** Data section follows **

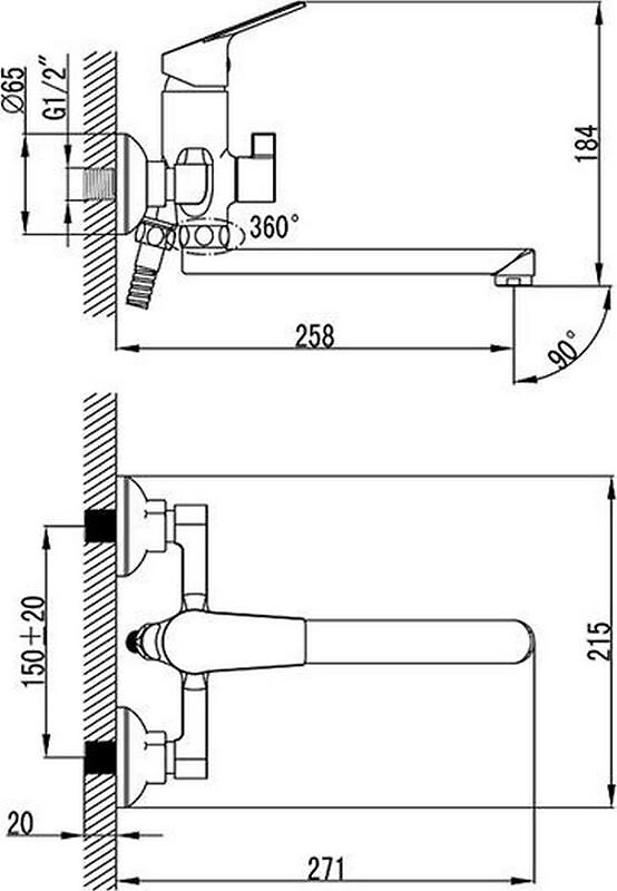Смеситель NELSON предназначен для настенного монтажа над ванной. Лаконичный дизайн делает модель украшением интерьера.
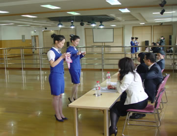 近日,经管系与吉祥航空公司举行空乘专业面试会。08级空乘专业学生参加了面试。面试分别从形象、气质、亲和力、文化素质、身体素质、职业潜力、表现力、应变能力等方面对学生进行了综合考核。有10位同学通过初试,稍后将参加吉祥航空举办的复试。(经管系)
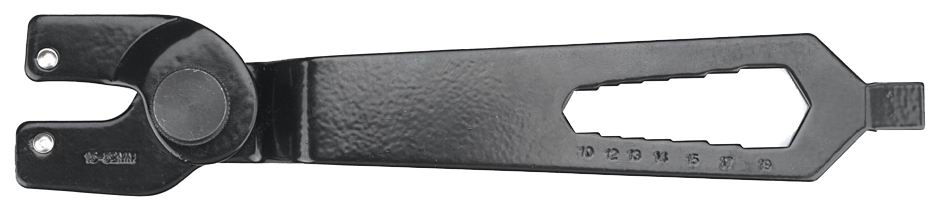 Dzięki regulowanemu rozstawowi szczęk pozwala na dokręcanie i odkręcanie nakrętek mocujących tarcze w szlifierkach kątowych o średnicach od 115 do 230 mm.

** End of Data section **

== Try it ==
Every line above should be reproduced exactly, please, with no pictures included.

== Solution to this problem ==
Смеситель NELSON предназначен для настенного монтажа над ванной. Лаконичный дизайн делает модель украшением интерьера.
 近日,经管系与吉祥航空公司举行空乘专业面试会。08级空乘专业学生参加了面试。面试分别从形象、气质、亲和力、文化素质、身体素质、职业潜力、表现力、应变能力等方面对学生进行了综合考核。有10位同学通过初试,稍后将参加吉祥航空举办的复试。(经管系)
 Dzięki regulowanemu rozstawowi szczęk pozwala na dokręcanie i odkręcanie nakrętek mocujących tarcze w szlifierkach kątowych o średnicach od 115 do 230 mm.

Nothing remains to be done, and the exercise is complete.